# contador de monedas



## mr_lulo (Sep 9, 2006)

Hola que tal! estoy pensando en construir un contador de monedas con las siguientes condiciones: mecanicamente (ya he resuelto esta parte del proyecto) separo las monedas de 10 centavos y de 25 centavos..... lass de 25 iran por una ranura, y las de diez por otra..... en cada una de las ranuras habra un par sensor - emisor infrarojo, que detecta el paso de la moneda... los sensores son del tipo que tiene un pin de detección que cambia de estado lógico al ocurrir una interrupción en la detección del haz infrarojo. 

Mi objetivo es que se cuenten la cantidad de monedas de 25 centavos, y a parte la cantidad de monedas de 10 centavos....... esas parte me parece tenerla bajo contro.... pero estoy algo confundido con lo siguiente:

Quisiera que cada vez que pase una moneda de 25 centavos, se sumen 0.25 en un contador..... de igual manera las de diez que se sumen 0.10............ y de aki, que se sume el total de dinero introducido....

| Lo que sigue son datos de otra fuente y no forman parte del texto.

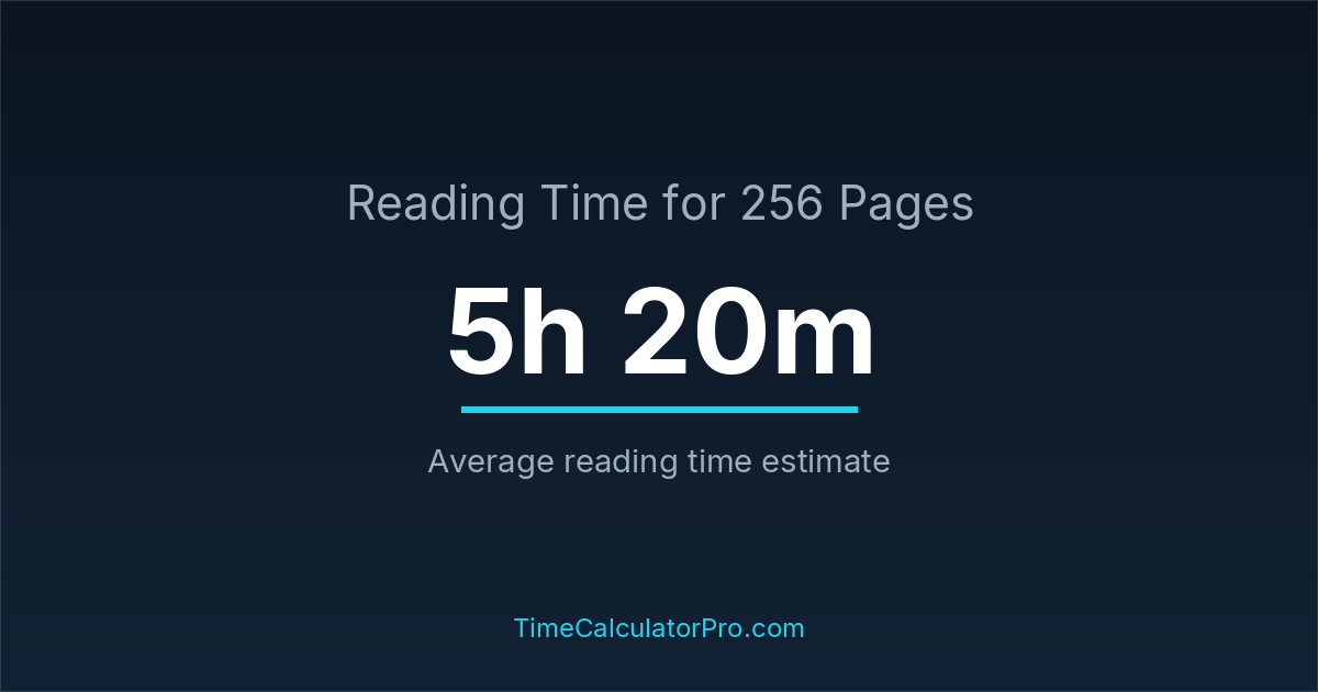 The time required to read 256 pages is typically around 5 hours and 20 minutes when using an average reading speed of 200 words per minute.

agradeceria ayuda con esta parte de mi proyecto....


Gracias de Antemano.....


Carlos


----------



## tiopepe123 (Sep 10, 2006)

lo facil:
  Pues utilizar un microcontrolador tipo pic16f877

lo barato DIY
 Utiliza una calculadora barata le sueldas dos cables en el igual y luego pues escruves lo que quieras por ejemplo 0.1 + + y te sumara en pasos de 0.1

Finalmente con logica, dificil pero factible.

cada vez que detecta la monera se deben generas 10 pulsos o 25 segun el caso.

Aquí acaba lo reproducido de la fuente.